14. The method of claim 13, wherein the Form I of pregabalin further comprises characteristic 2θ values at 8.58, 10.02, 10.62, 10.96, 11.52, 12.26, 14.44, 17.20, 17.74, 20.14, 22.68, 23.18, 23.46, 23.88, 24.64, 26.16, 26.46, 26.90, 27.60, 27.92, 28.22, 28.58, 28.76, 29.18, 29.86, 30.24, 30.96, 31.38, 31.90, 32.88, 33.14, 33.94, 34.64, 36.42, 36.84, 36.94, 37.12, 37.40, 38.48, 38.66 and 39.54.

15. Anhydrous pregabalin having moisture content less than 0.3% w/w.

16. (S)-(+)-pregabalin or salt thereof having 0.03% or less of (R)-(−)-pregabalin or salt thereof.

17. A pharmaceutical composition comprising (S)-(+)-pregabalin or salt thereof having 0.03% or less of unwanted (R)-(−)-pregabalin and one or more pharmaceutically acceptable excipients.

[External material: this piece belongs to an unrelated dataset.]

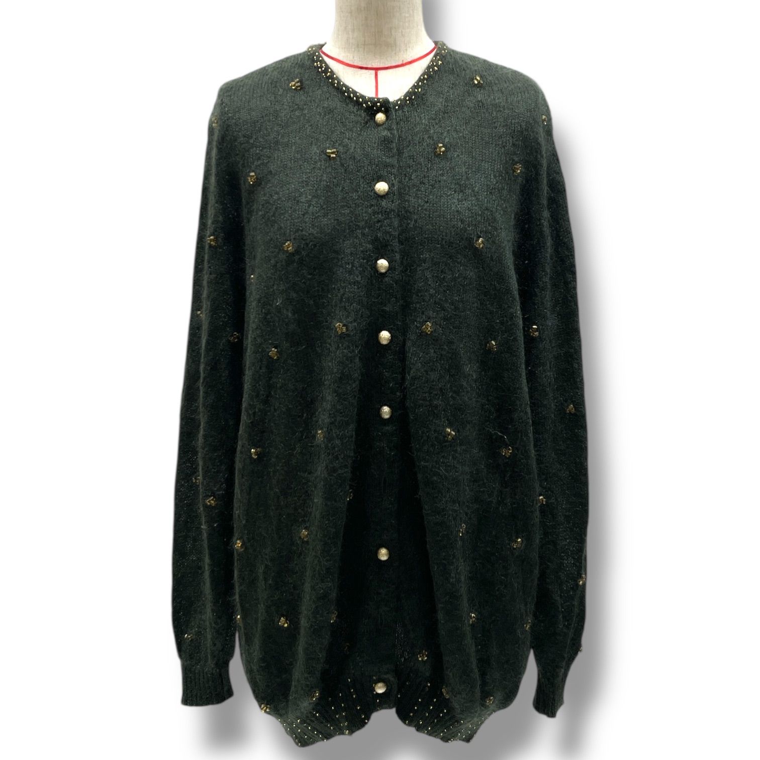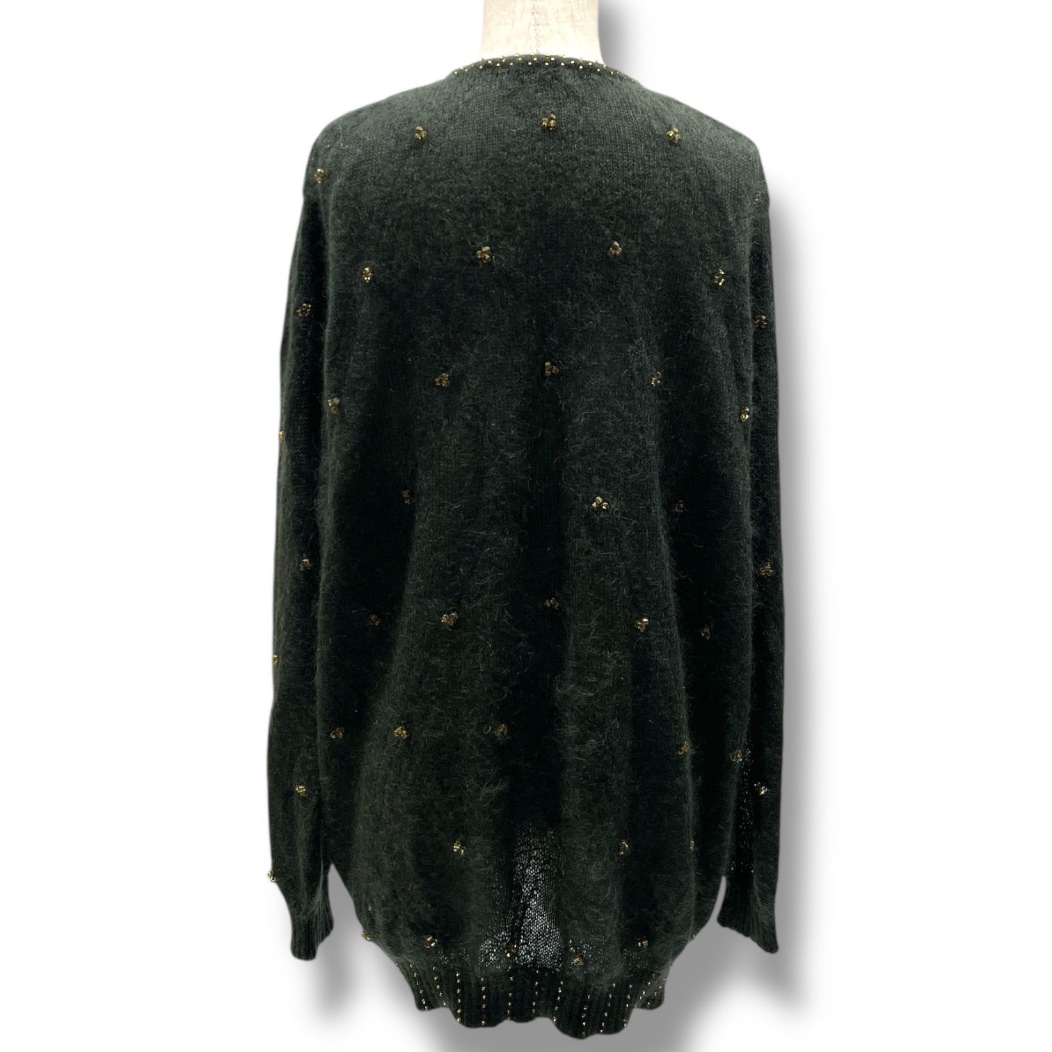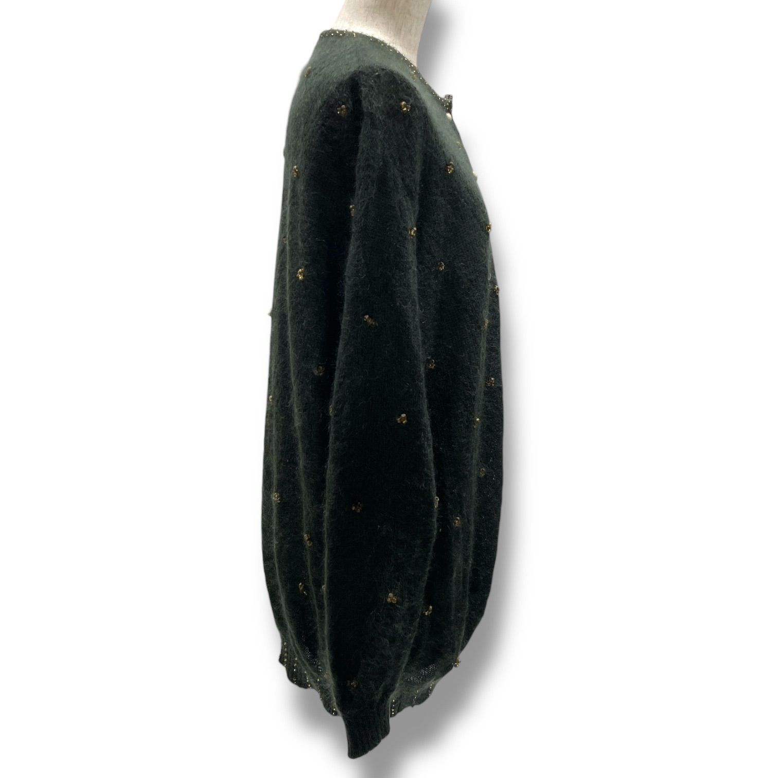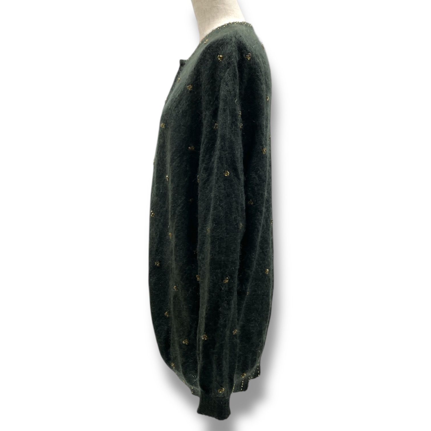 ATELIER SAGAN アトリエサガン ビーズ刺繍 ニットカーディガン キッドモヘヤ シルク 金ボタン 長袖 羽織り レトロ 緑 ダークグリーン レディース 秋 冬 ゴーゴー古着マルイファミリー溝口店 5 No.371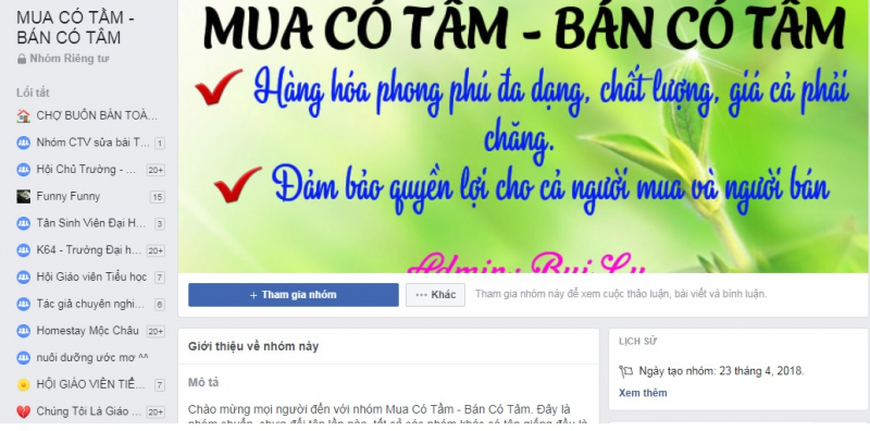 Có rất nhiều nhóm dành cho đa dạng cách loại mặt hàng. Dưới đây là nhóm mua bán có lượng tương tác tốt nhất hiện nay. Người mua hàng lịch sự, tỷ lệ bom hàng rất thấp, người bán hàng uy tín chất lượng. Đặc biệt đội ngũ BQT hoạt động tích cực để luôn đứng ra đảm bảo quyền lợi cho cả người mua và người bán.

18. A method of treating one or more of pain, epilepsy, convulsions, attention deficit hypersensitivity disorder (ADHD) and general anxiety related disorders, the method comprising administering to a mammal in need thereof a therapeutically effective quantity of (S)-(+)-pregabalin or salt thereof having 0.03% or less of unwanted (R)-(−)-pregabalin.